Shakespeare’den Türkiye’ye Yücel-me

  1-Yıl 1926 bir ağustos günü İstanbul’da gelecekte modern şiire ve Türk edebiyatına sayısız katkısı bulunacak olan bir akıl , bir şair doğacaktı.O isim bir dönem -1940’larda- çok kısa bir süre de olsa faaliyet gösteren günümüz 21.yy Türkiye’sinde bile adından bahsettiren Köy Enstitülerinin ana mimarlarından biri olan ve aynı zamanda Tek Parti Rejiminin 7 yıl aralıksız Milli Eğitim Bakanlığı himayesinde bakanlık görevini yürüten ve Türkiye Cumhuriyeti tarihine adını altın harflerle yazdıran bir Türk aydınının oğlu olarak dünyaya geldi.

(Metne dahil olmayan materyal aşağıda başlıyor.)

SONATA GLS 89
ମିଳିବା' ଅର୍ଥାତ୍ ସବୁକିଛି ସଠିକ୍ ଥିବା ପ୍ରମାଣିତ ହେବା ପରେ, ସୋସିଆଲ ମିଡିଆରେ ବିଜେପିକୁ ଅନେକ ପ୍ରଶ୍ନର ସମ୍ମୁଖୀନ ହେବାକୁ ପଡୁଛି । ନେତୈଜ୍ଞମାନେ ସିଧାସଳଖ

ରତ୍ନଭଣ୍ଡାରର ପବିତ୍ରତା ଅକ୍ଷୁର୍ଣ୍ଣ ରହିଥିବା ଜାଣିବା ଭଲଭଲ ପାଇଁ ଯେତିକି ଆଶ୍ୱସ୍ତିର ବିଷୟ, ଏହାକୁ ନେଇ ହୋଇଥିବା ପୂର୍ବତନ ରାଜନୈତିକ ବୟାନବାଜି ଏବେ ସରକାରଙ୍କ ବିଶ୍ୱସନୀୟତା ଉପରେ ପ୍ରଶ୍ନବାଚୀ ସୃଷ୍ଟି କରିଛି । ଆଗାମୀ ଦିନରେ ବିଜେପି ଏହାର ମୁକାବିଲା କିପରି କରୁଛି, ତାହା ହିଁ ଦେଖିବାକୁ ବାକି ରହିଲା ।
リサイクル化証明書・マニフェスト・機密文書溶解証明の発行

2-Böyle bir ebeveynin evladı olması sizi bu konumu kullandığı veya bu durumdan faydalandığı düşüncesine sarmasın.Zaten babası da buna izin verecek biri değildi.Hatta bir keresinde Ankara Atatürk Lisesinden samimi arkadaşı ve gelmiş geçmiş en iyi sinir cerrahı olarak ünvanlandırılan daha sonraları Zürih Üniversitesinde departman başkanlığı yapan – ki bu konum başhekimlikten yüksektir- ,adını en başarılı ve en prestijli insanların dahi kolay kolay ağzına alamadığı University of Oxford , Friedrich-Schiller University of Lema , University of Lima ve birçok Türk üniversitesi tarafından fahri doktora ünvanı verilen Gazi Yaşargil ile birlikte yurtdışı eğitim bursu kazandığı halde babasının ”Bakan , kendi oğluna torpil yaptı derler.” diyip karşı çıkması üzerine bu imkanı kullanamadı.Fakat Yaşargil iyiki de kullandı.

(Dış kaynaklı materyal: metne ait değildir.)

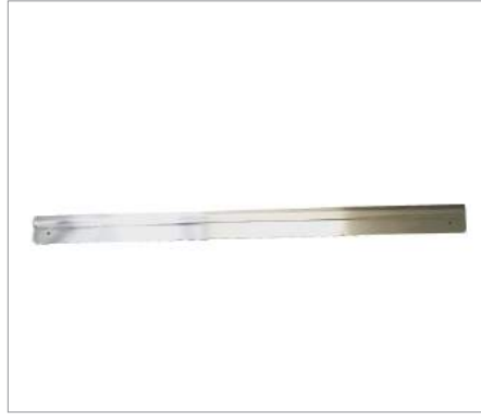
03129 Rack pedidos Formato: Unidad
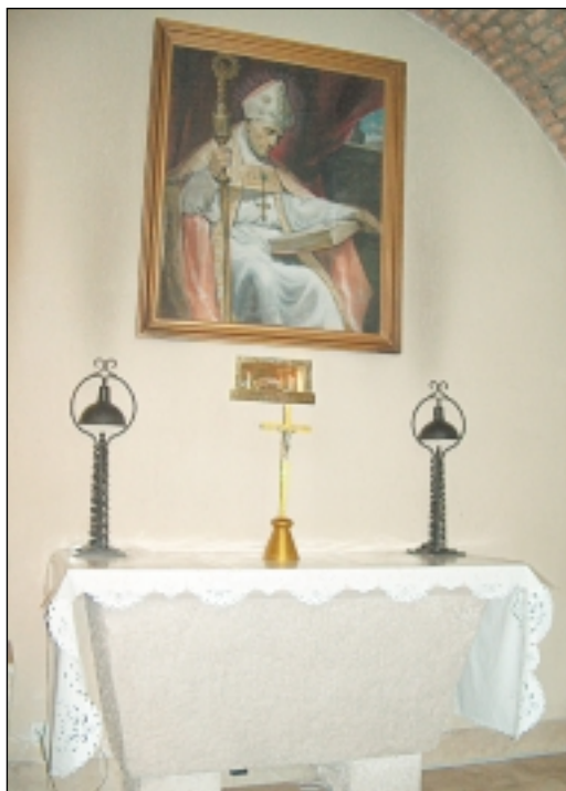
Oltar sa slikom bl. Augustina u kapelici

som. To su bili prijedlozi i ideje koje su ostale neostvarene.
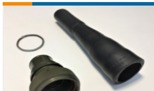
TE 产品编号743100-000 5420-00-230010
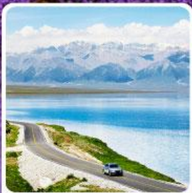
ทะเลสาบไซไห่หลี่มู่
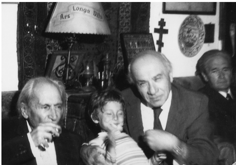
Déry Tibor, Papp Gábor Zsigmond, Illyés Gyula, Németh László (Balatonfüred, 1970)

– Igen, többször is. A nagyobbik fiamnak, akit Papp Gábor Zsigmondnak hívnak, filmrendező, van egy négyéves kori fotója, amint Gyula bácsi ül, Déry
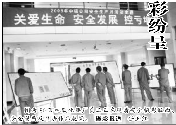
图为 80 万吨氧化铝厂员工正在观看安全摄影版面、安全漫画及书法作品展览。摄影报道 任卫红

6 月 1 日,热电厂精心布置了活动现场,大力营造安全月活动氛围,倡导员工在非常时期为保安全、促生产、全面打赢控亏增盈攻坚战做出应有的贡献;水电分厂在各车间征集安全漫画、安全征文,开展安全生产咨询等活动;煤气分厂利用多种形式进行安全月主题宣传,为随时解答员工提出的有关安全生产的问题,还专门设立安全生产咨询电话;东兴物业部制定了隐患排查治理活动、安全征文、安全板报展评、安全演讲、防震演练等多项活动,进一步增强全员安全意识;检修分厂举办了安全记录、漫画展,以做实、做细、注重实效的原则开展安全活动;氧化铝三分厂七车间注重抓好基础工作、基层建设、基本功训练,引导职工进行自我安全教育,形成相互督促、相互学习、相互提醒的氛围;氧化铝四分厂种分车间开展安全工作“一三三”活动,动员职工积极投身安全管理,强化安全意识,提高安全技能,向安全要效益,为安全生产做贡献。(本报综合报道)

3-O isim kim mi idi?O isim bugün herhangi bir kırtasiye , kütüphane , mağaza veya kitapçılarda elinize aldığınız çoğu klasik eserin çevirmeni olan Hasan Ali Yücel’in oğlu Can Yücel’den başkası değildi tabii ki.

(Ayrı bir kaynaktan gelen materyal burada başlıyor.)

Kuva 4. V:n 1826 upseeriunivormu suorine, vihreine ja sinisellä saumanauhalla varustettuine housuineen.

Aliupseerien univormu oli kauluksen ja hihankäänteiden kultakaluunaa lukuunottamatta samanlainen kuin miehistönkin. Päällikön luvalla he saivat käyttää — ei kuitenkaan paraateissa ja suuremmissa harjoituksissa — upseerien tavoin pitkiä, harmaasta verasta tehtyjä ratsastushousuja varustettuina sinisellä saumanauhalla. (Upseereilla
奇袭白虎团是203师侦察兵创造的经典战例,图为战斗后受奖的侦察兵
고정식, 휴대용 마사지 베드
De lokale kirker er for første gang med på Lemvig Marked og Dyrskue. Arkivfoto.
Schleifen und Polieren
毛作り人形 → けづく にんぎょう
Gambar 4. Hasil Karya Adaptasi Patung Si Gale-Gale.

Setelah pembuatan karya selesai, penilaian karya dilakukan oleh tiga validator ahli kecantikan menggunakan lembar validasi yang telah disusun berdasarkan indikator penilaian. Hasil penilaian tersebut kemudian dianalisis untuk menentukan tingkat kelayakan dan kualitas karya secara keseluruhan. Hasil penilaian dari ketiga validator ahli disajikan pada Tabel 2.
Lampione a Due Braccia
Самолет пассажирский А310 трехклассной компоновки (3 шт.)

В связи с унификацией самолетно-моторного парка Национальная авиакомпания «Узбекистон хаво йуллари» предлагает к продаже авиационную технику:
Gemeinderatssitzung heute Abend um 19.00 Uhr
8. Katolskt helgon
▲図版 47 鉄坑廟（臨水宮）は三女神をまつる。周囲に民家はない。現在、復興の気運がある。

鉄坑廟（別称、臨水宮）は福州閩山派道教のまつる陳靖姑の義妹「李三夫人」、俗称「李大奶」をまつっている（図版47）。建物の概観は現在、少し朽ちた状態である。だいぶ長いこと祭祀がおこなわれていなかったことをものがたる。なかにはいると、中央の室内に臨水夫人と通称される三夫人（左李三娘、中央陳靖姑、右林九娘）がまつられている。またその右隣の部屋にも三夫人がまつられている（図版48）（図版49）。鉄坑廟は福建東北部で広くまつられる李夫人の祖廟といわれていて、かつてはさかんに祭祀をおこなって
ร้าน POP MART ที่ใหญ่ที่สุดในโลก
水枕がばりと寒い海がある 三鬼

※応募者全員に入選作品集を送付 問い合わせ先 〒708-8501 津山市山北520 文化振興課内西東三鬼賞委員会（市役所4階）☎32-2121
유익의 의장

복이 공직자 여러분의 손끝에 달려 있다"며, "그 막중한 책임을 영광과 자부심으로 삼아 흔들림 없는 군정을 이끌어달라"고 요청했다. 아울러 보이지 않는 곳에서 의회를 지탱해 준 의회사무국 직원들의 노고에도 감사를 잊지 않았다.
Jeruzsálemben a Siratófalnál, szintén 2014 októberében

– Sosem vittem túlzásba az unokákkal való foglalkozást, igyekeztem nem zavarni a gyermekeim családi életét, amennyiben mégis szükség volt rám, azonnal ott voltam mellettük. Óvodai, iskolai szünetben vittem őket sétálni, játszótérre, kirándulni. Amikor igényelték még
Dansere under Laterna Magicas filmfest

4-Yücel’in eğitim hayatına Ankara Atatürk Lisesinden sonra Ankara Üniversitesi ve University of Cambridge’de eklendi.University of Cambridge’de bulunduğu dönemde Yunanca ve Latince üzerine derin araştırmalar yaptı.Bazı eserleri ve İngiliz edebiyatındaki bazı büyük emektarların yapıtlarını ilk defa Türkçe’ye çevirdi ve kazandırdı.Shakespeare’in  ” To be or not to be ” sözünü ”Olmak veya olmamak bütün mesele bu.” sanılanın aksine aynı zamanda bir şarkı sözü olan ” Bir ihtimal daha var o da ölmek mi dersin ? ” olarak Türkçeye çevirdi.
5-Akademik hayatından sonra çeşitli ülkelerde çeşitli vazifeler için bulundu.Bir çok elçilikte çevirmenlik yaptı , Londra’da BBC’nin Türkçe bölümünde spikerlik yaptı.Askeri amaçla Kore’de bulundu.Türkiye’de ise birçok görev üstlendi : çevirmenlik , rehberlik , dergi yazarlığı , EMEP kurucu üyeliği , hatta ömrü yetse belki de milletvekili olacaktı.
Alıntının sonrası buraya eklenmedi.